In the Shadows of Utopia Season 2 Episode 18 A Cambodian Coup! The “Red Prince” falls Time Period Covered 1969 – 1970. In 1969, Pol Pot and his wife, and a number of CPK delegates walked to Hanoi. They wanted to continue the struggle against Sihanouk, but the Communist Party of Vietnam wanted them to give up, because Sihanouk was too useful to them. Meanwhile, there were increasing numbers of North Vietnamese troops in Cambodia attracting increased US bombing, with Sihanouk’s tacit approval. As Sihanouk headed overseas, by this time Lon Nol was head of the government and Sirik Matat, Sihanouk’s cousin, was in charge of the economy. There was increasing restlessness about the North Vietnamese presence in Cambodia. So in Sihanouk’s absence the 5000 real note was devalued, which had a large effect because 5000 reals was the denomination that the Viet Kong used to buy rice from the Cambodian farmers. Bombing of the north east region was ordered, and false protests were staged at the North Vietnamese embassy. On 11 March 1970 Sihanouk announced that he was returning to Cambodia, and Lon Nol announced that the North Vietnamese and Communist troops had to leave within 3 days. Sihanouk changed his mind and decided not to come back after all, and threatened to kill the cabinet who had been acting in his absence, accusing Sirik of bringing in the Vietnamese. A coup ensued. Lon Nol was forced to hand over control of the Army, and the Congress voted to overthrow Sihanouk. Meanwhile Sihanouk was in Moscow, and both Russia and China asked if Sihanouk would continue his support of the Communist cause. China was worried about Soviet influence and they suggested an uprising, using the Communist Party of Kampuchea as the resistance, with Vietnamese military training and arms, and Sihanouk as its ‘face’. Sihanouk was fuelled with a desire for revenge against his enemies, blaming traitors in the assembly and their US imperial masters and he called for a guerilla uprising. Pol Pot, who all of a sudden found himself in demand, accepted the offer under the names of the ‘Three Ghosts’ Khieu Samphan, Hu Nim and Hou Youn, nationalists who had been disappeared and supposedly (but not) executed by Sihanouk. Pol Pot himself stayed in the background. Was there CIA involvement? Probably the US was happy enough with Sihanouk, but they probably had contact with all sorts of people.

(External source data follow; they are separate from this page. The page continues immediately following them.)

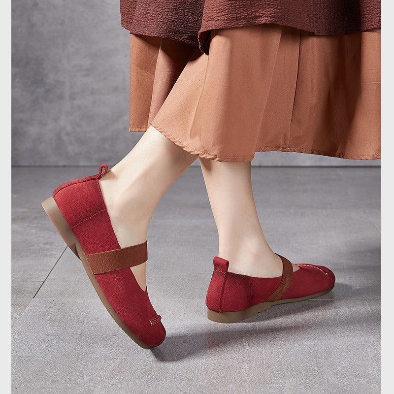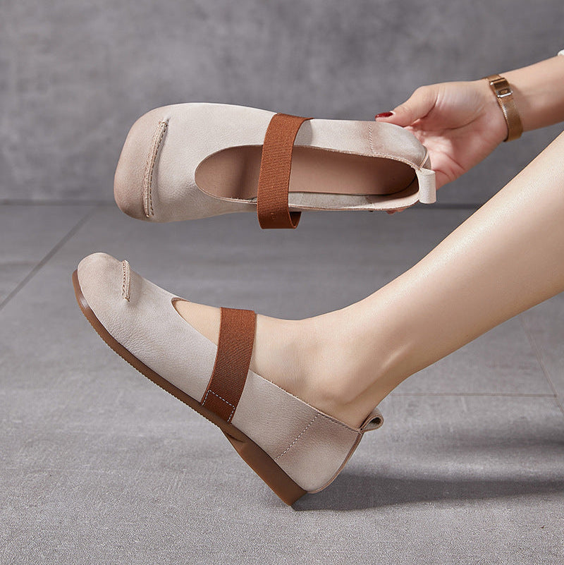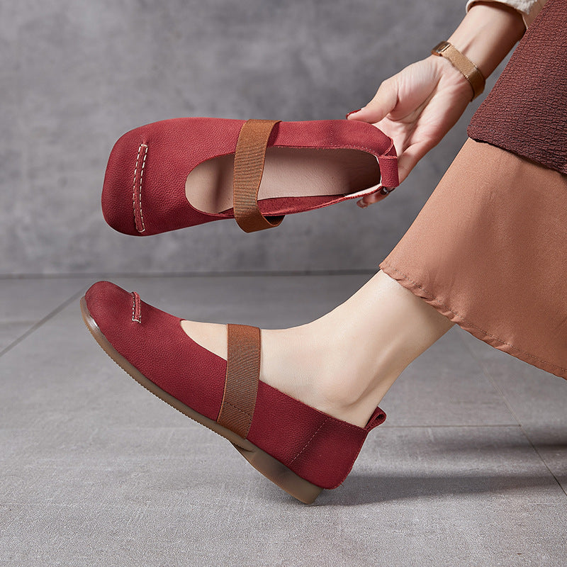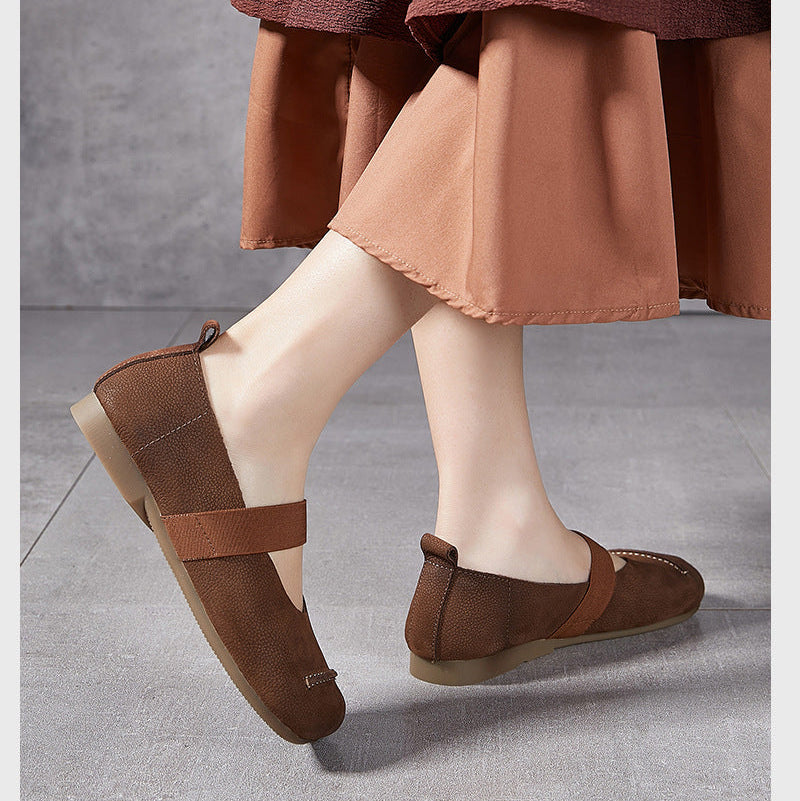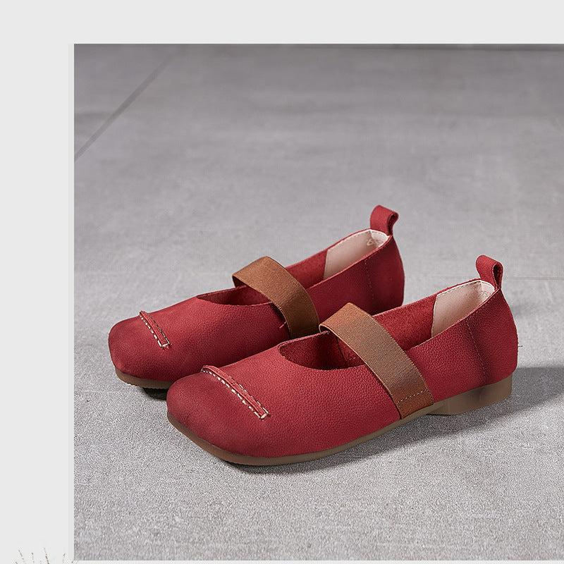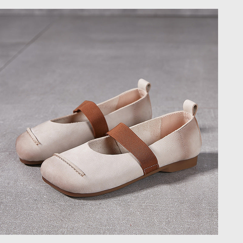 Women's Leather Retro Square Toe Elastic Band Slip On Flat Shoes
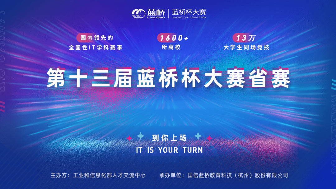蓝桥杯大赛是由工业和信息化部人才交流中心主办、国信蓝桥教育科技(北京)股份有限公司承办的一项全国高校大学生IT学科竞赛。大赛以“立足行业,突出实践,广泛参与,促进就业”为宗旨,围绕当前社会发展急需的信息技术重点领域,开展IT人才的培养和选拔,是国内权威性高、覆盖面广、影响力大的IT类专业赛事。蓝桥杯大赛蝉联入围中国高等教育学会发布的“2020年全国普通高校学科竞赛排行榜”,蓝桥杯大赛获得教育界的高度认可,成为评价高校教育教学改革和创新人才培养的重要竞赛项目。
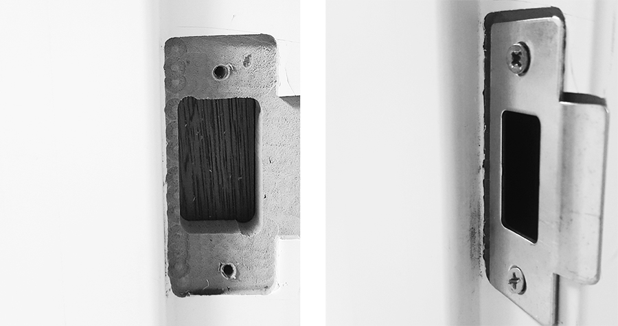 보통 래치박스를 안쪽으로 밀어 다시 조립해 주면 래치 버튼이 캐치에 걸리며 방문이 쉽게 안 열린다.
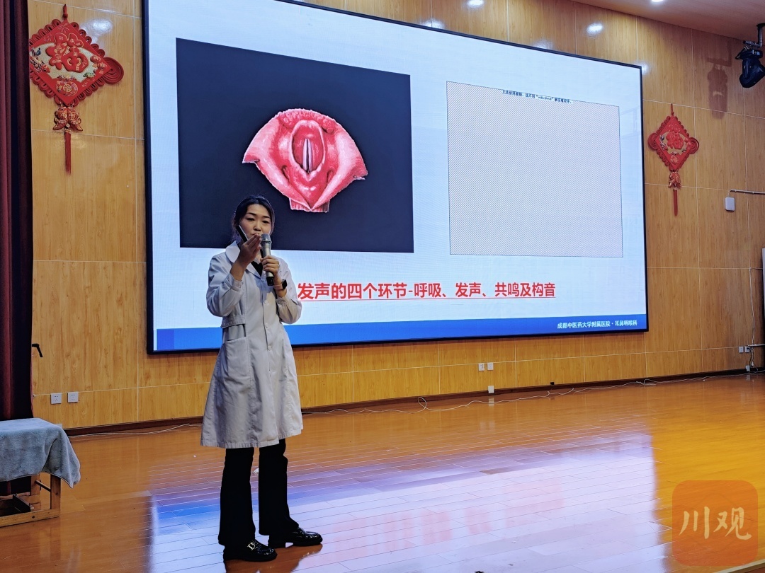 成都中医药大学附属医院/四川省中医医院主治医师梁方琪以《学生如何护嗓爱嗓?》为题,从嗓音产生原理、嗓音疾病的临床表现、如何保护我们的嗓子、如何进行嗓音保健等四个方面向老师和同学们进行了讲解,并通过新媒体课件、现场示范与实践相结合的形式,为大家详细讲解了腹式呼吸训练、放松练习、声带打嘟及吹管练习、共鸣练习等内容。
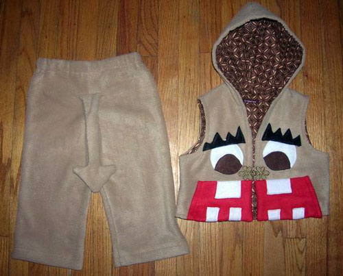 This super-soft camel print fleece vest sports a monster face on the front and a mouth that doubles as pockets. It's lined with vintage brown cotton material and closes with a decorative fastener at the nose. The pants have a fun tail in the back and measure 20 inches at the waist and 13 inches along the inseam.
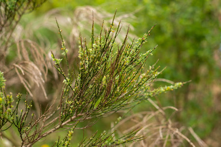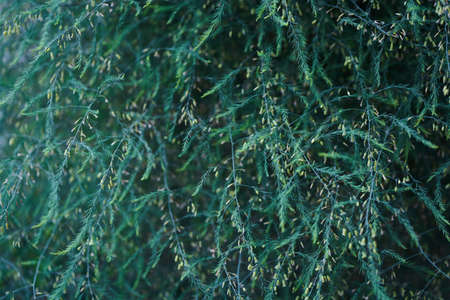 Plant with a multitude of small and green leaves. Vibrant display of green, delicate branches. Shrub showcasing its intricate branching pattern
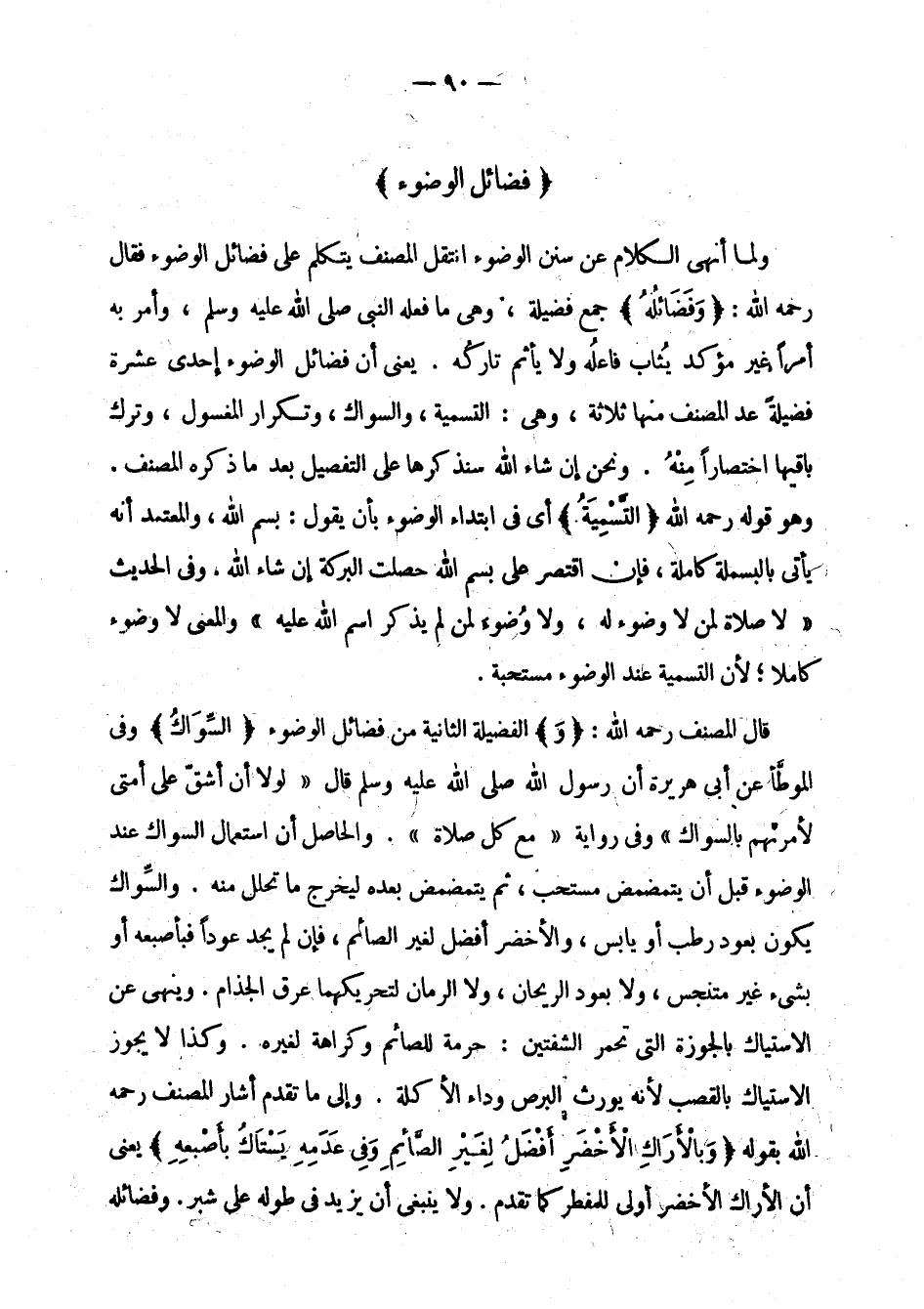 قال المصنف رحمه الله: " و " الفضيلة الثانية من فضائل الوضوء: " السواك " وفي الموطأ عن أبي هريرة أن رسول الله صلى الله عليه وسلم قال: " لولا أن أشق على أمتي لأمرتهم بالسواك " وفي رواية: " مع كل صلاة ". والحاصل أن استعمال السواك عند الوضوء قبل أن يتمضمض مستحب، ثم يتمضمض بعده ليخرج ما تحلل منه. والسواك يكون بعود رطب أو يابس، والأخضر أفضل لغير الصائم، فإن لم يجد عودا فبإصبعه أو بشيء غير متنجس، ولا بعود الريحان، ولا الرمان لتحريكهما عرق الجذام. وينهى عن الاستياك بالجوزة التي تحمر الشفتين: حرمة للصائم وكراهة لغيره، وكذا لا يجوز الاستياك بالقصب لأنه يورث البرص وداء الأكلة. وإلى ما تقدم أشار المصنف رحمه الله بقوله: " وبالأراك الأخضر أفضل لغير الصائم وفي عدمه يستاك بأصبعه " يعني أن الأراك الأخضر أولى للمفطر كما تقدم. ولا ينبغي أن يزيد في طوله على شبر. وفضائله

I hear with my little ear: Podcasts 8-15 January 2026

Journey Through Time Episode 27 The Trial that Made Hitler Famous Ep. 2 It wasn’t the Beer Hall Putsch that made Hitler internationally famous, but the trial held afterwards. After the coup had collapsed, Hitler and his group marched through Munich hoping that crowds would join them (they didn’t) and there was a brief shoot-out where four police were killed. Hitler fled Munich, but was arrested. Even though the putsch ended in farce, Hitler saw the trial as a platform. One of the panel of judges in particular was sympathetic to him: he was not forced to wear prison clothes, it was a 24 day trial and he was allowed to make long speeches and cross-examine witnesses himself. He pleaded guilty but nonetheless some judges wanted to acquit him. He received a five year sentence but released after 13 months. He was given special treatment in jail, but it fed his martyr-complex. Once the Nazis gained power in the 1930s, the anniversary of the putsch was celebrated, and in fact Kristallnacht was conducted on the anniversary. The two presenters, David Olusoga and Sarah Churchwell, then went on to draw parallels with the current day.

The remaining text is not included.